Ostatni okres władzy rosyjskiej był szczególnie dotkliwy dla ludności miasta.  Przed jego opuszczeniem okupanci wywozili z budynków rządowych, miejskich, bankowych i prywatnych mieszkań wszystko, co im wpadło w ręce. Rewizje były na porządku dziennym. Rosjanie chwytali w obławach ulicznych ludzi i pędzili ich do kopania wałów lub grobów. Wielkie usługi dla mieszkańców miasta w okresie okupacji oddał wiceprezydent miasta dr Tadeusz Rutowski. „Kurier Lwowski” pisał o „ukochanym przez całą ludność prezydencie Rutowskim, który był jej i najmędrszym ojcem i jakby najczulszą matką także. Mądrze ster trzymał w czas złowieszczej burzy, ratując tonących, podając na wszystkie strony pomocną dłoń. Całe miasto zasiał instytucjami ratunkowymi, o nikim nie zapomniał”.  W czerwcu 1915 roku z terenów walk napływały wciąż straszne wieści o zgliszczach i ruinach. Cofająca się armia rosyjska zostawiała za sobą pogorzeliska. Palono chaty, stodoły i wiatraki.  Maltretowano ludność i straszono ją, że wszyscy mężczyźni w sile wieku będą przez „germańców” wywiezieni. Pędzono ją nahajkami wraz ze zrabowanym bydłem. Wystraszona ludność kryła się po lasach i jarach. Mieszkańcy Lwowa byli jednak pełni nadziei, a władze wybiły nawet specjalną okolicznościową odznakę z datą 22 czerwca 1915 roku z okazji zakończenia rosyjskiej okupacji. 

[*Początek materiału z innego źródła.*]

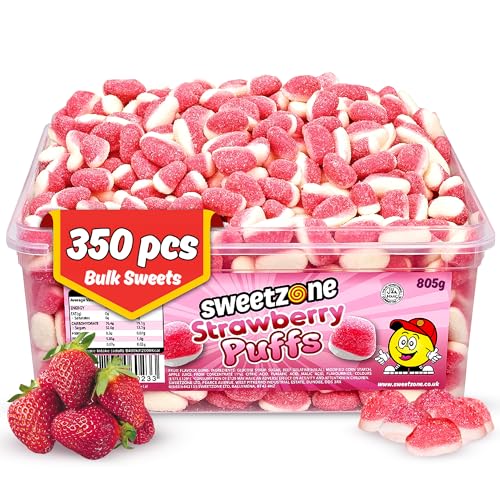 Sweetzone Strawberry Puffs Halal Sweet, Fizzy Fruity Gummies With Wine Gums, Bulk Sweet Sharing Multipack Tubs, Strawberries Gummy Chews, 805g, 350pcs, or Kids, Party Bags, Lunchbox Snacks, Treats UK

(Na zdjęciu: propagandowa pocztówka austriacka opisana jako: „Wkroczenie wojsk austriackich pod dowództwem Jego ces. i król. Wysokości naczelnego dowódcy armii, arcyksięcia Fryderyka, do Lwowa. Oficjalna karta c. i k. urzędu opieki wojennej. Napmiątkę uwolnienia Lwowa w r. 1915 od najazdu Moskali”.)